Any sustainably great collective – IBM, the Berlin Philharmonic Orchestra, the Pittsburgh Steelers, the U.S. Marine Corps, the University of Cambridge, or the United States of America – appeals to the rational self-interest of its members, but also creates a sense of irrational identification with the enterprise. Individuals within each will, to some extent and in some circumstances, sacrifice narrowly-construed perceived self-interest for the good of the whole. This kind of motivation is far more central to the lives of most real people than it is to most economic theories.

b. Many other examples include the mercurial nature of “utility,” the difficulty of forming commitment bonds across kin lines, and the central role of culture in creating economic outcomes. As is sometimes said in business “the soft stuff is the hard stuff.” Though not amendable to analysis, and especially not to quantification, the weird crevices of the human mind manifest themselves powerfully in our daily lives. In combination with the prior example, this tends to scale up to the dizzying nature of the institutions (in the broad sense of the formal and informal “rules of the game”) that determine the economic success and failure of societies. This is not ignored by economics, just radically under-emphasized.

c. Treating uncertainty as if it were risk. Under-emphasizing the complexities of the kind highlighted in the first two examples tends to lead to the problem of excessive belief in that previously-observed patterns are reliable predictors of future behavior. Repeated coin flips are complicated in the sense that we can’t normally predict heads vs. tails on a specific flip; but the series is still subject to probabilistic regularities, such as fair coin tosses should come up heads almost exactly half of the time. Human society is yet more complex, and patterns that seem reliable can suddenly change. This is frustrating to analysts, and therefore often ignored, or given only lip service, en route to making recommendations that rely on the assumption that these patterns will persist.

d. Ignoring the resulting complexities of the evolution of institutions over historical time. Our institutions are often mechanisms for organizing human behavior in light of human complexities, and for making decisions in light of true uncertainty.

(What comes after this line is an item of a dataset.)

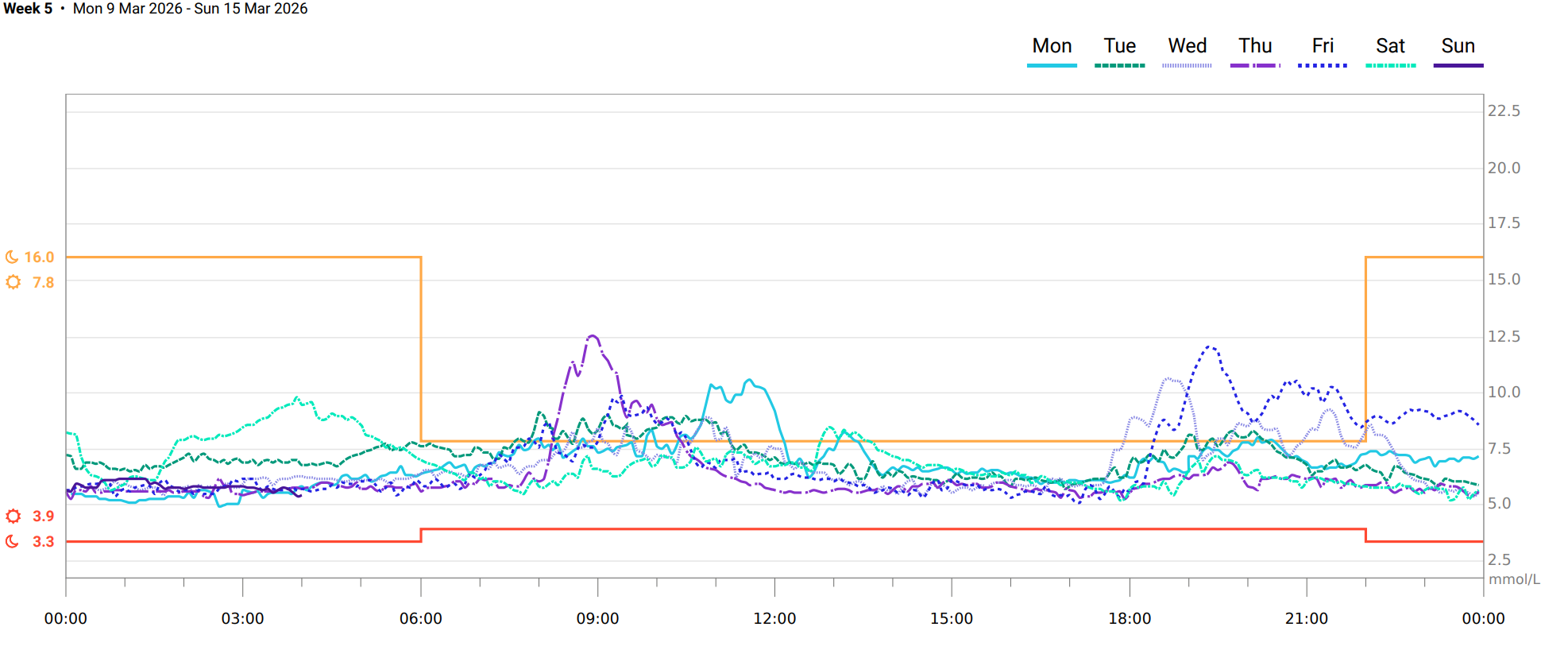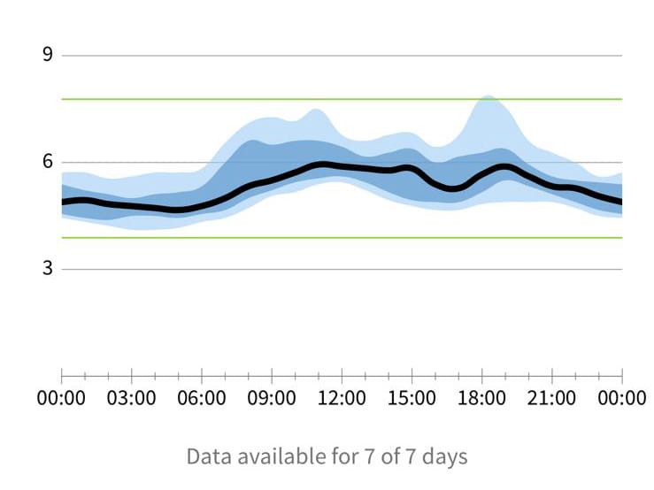 One thing I do find frustrating is that it does not give you a daily average glucose figure directly in the app. It gives you the option for 7, 14, 30 and 90 days so I usually fixate on trying to reduce my 7-day average. This can be a bit frustrating as you don't see the best of the good days and the occasional bad day tends to make it feel like you're crawling up a steep hill for the rest of the week. The LibreView website does give you access to the daily average but it's a bit of a chore to do this on a daily basis.

In an environment of true uncertainty, they have often evolved though trial-and-error, and therefore resist analysis. This is also frustrating to analysts.

Result: Excessive focus on allocative efficiency, at the expense of adaptive efficiency. I really can’t say this any better than Douglass North in his 1993 Nobel lecture: “Neo-classical theory is simply an inappropriate tool to analyze and prescribe policies that will induce development. …. It is adaptive rather than allocative efficiency which is the key to long run growth. Successful political/economic systems have evolved flexible institutional structures that can survive the shocks and changes that are a part of successful evolution.”

In sum, academic and government economists routinely overstate their actual degree of reliable, non-obvious knowledge about the answer to the practical question “What will happen if we execute policy X,” because it serves the class interest of economists to do so. Economists follow incentives like everybody else, rather than somehow sitting outside and above the process of buying and selling. Buyer beware.